* [Aim of the exercise]: Give every line of the data again, unchanged, but with no pictures.

* [Data below]:
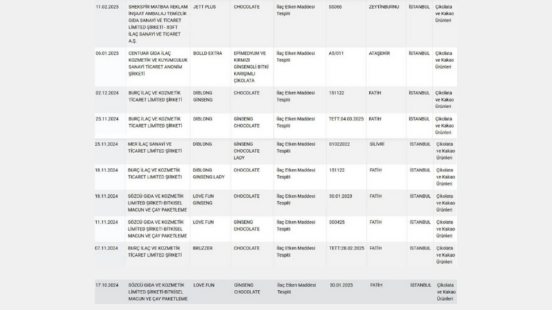 Bakanlık tarafından son beş ay içinde yapılan denetimler sonucunda, çeşitli çikolata markalarında sağlık için risk oluşturabilecek uygunsuzluklar belirlendi. Bu ürünler, “Sağlığı Tehlikeye Düşürecek Gıdalar” listesine eklendi.
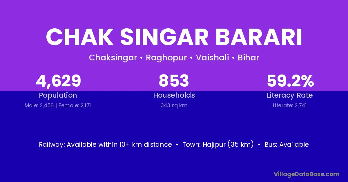 Hajipur (35 km) is the nearest town to Chak Singar Barari village for major economic activities and is located approximately 35 km away.
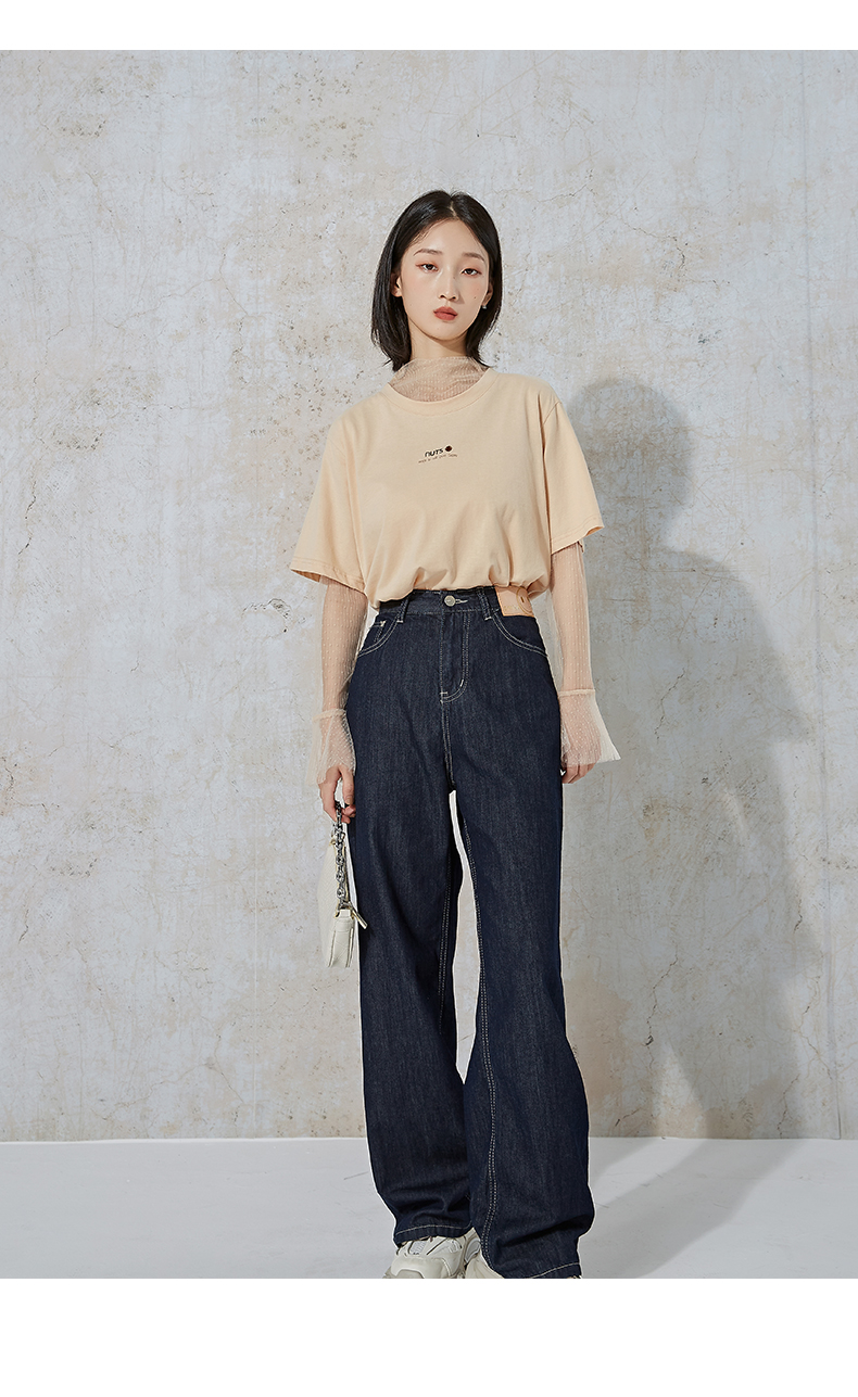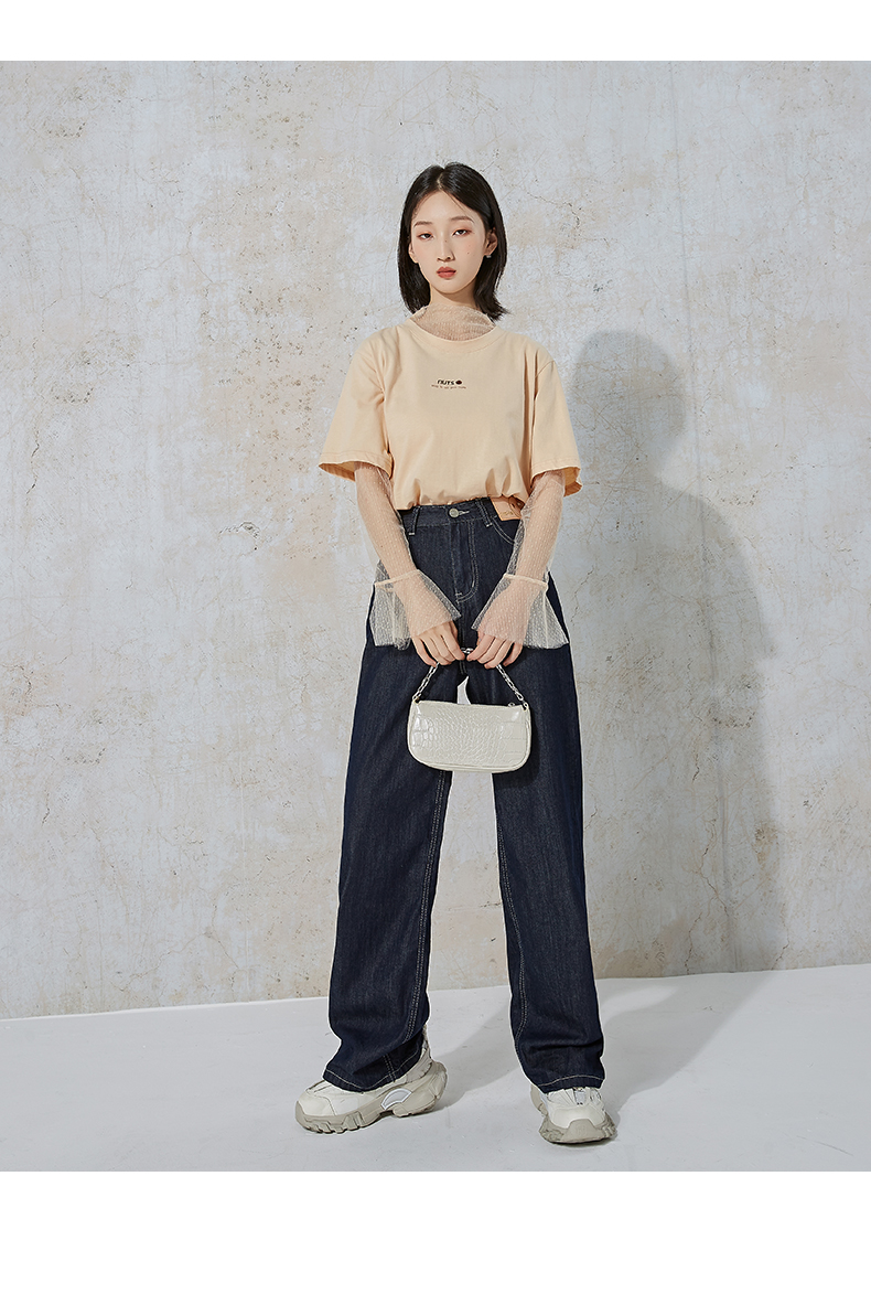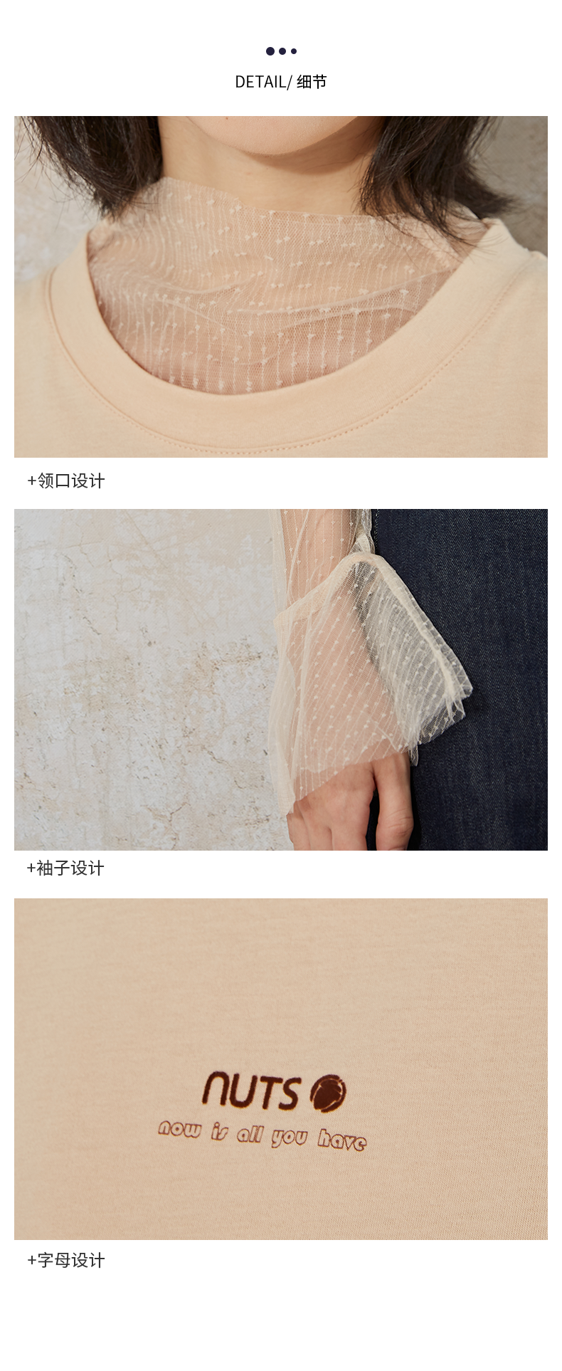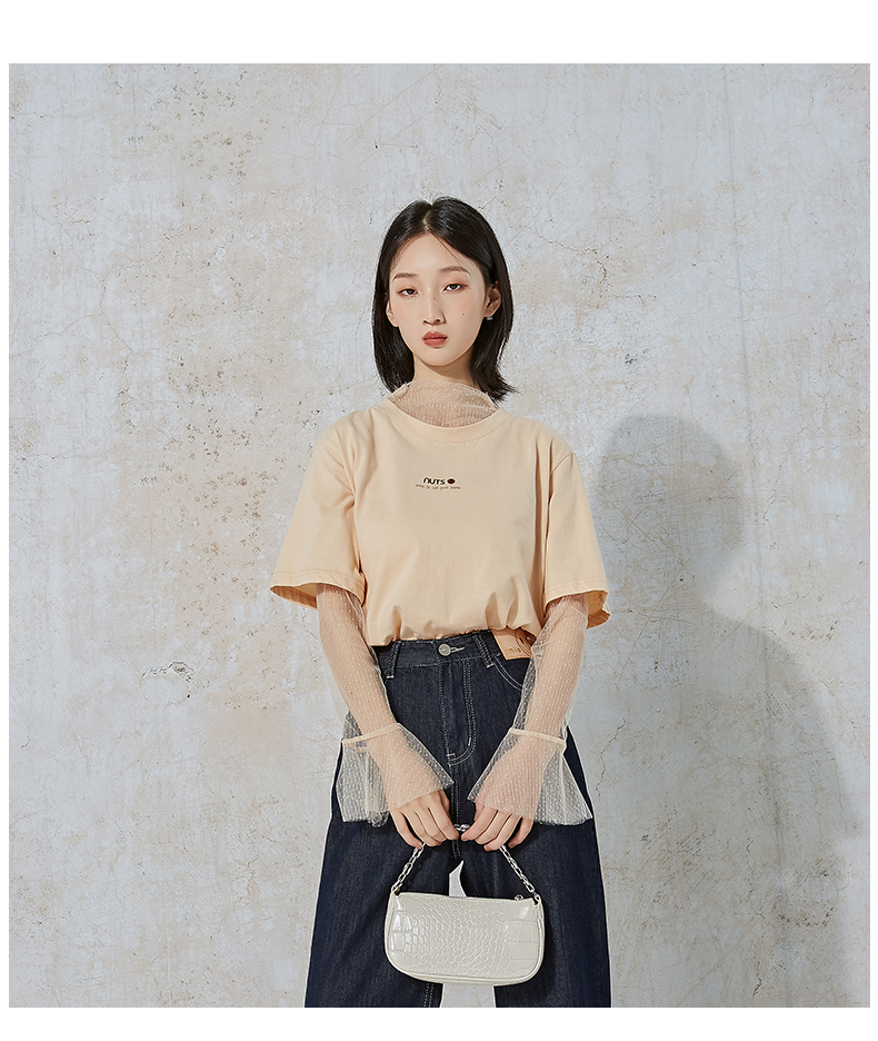 NUTS夏季新款时尚休闲风宽松显瘦长袖T恤女 含内件网纱231023074B
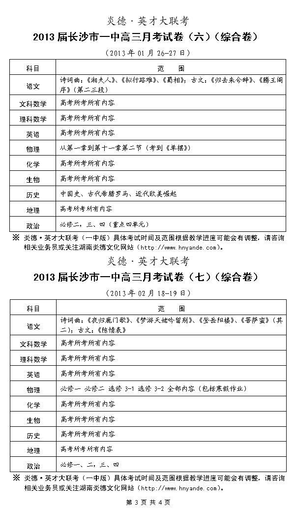 上一篇:炎德英才大聯考長沙市一中2013屆高三第一次月考考試時間和范圍

* [Response to the task]:
 Bakanlık tarafından son beş ay içinde yapılan denetimler sonucunda, çeşitli çikolata markalarında sağlık için risk oluşturabilecek uygunsuzluklar belirlendi. Bu ürünler, “Sağlığı Tehlikeye Düşürecek Gıdalar” listesine eklendi.
 Hajipur (35 km) is the nearest town to Chak Singar Barari village for major economic activities and is located approximately 35 km away.
 NUTS夏季新款时尚休闲风宽松显瘦长袖T恤女 含内件网纱231023074B
 上一篇:炎德英才大聯考長沙市一中2013屆高三第一次月考考試時間和范圍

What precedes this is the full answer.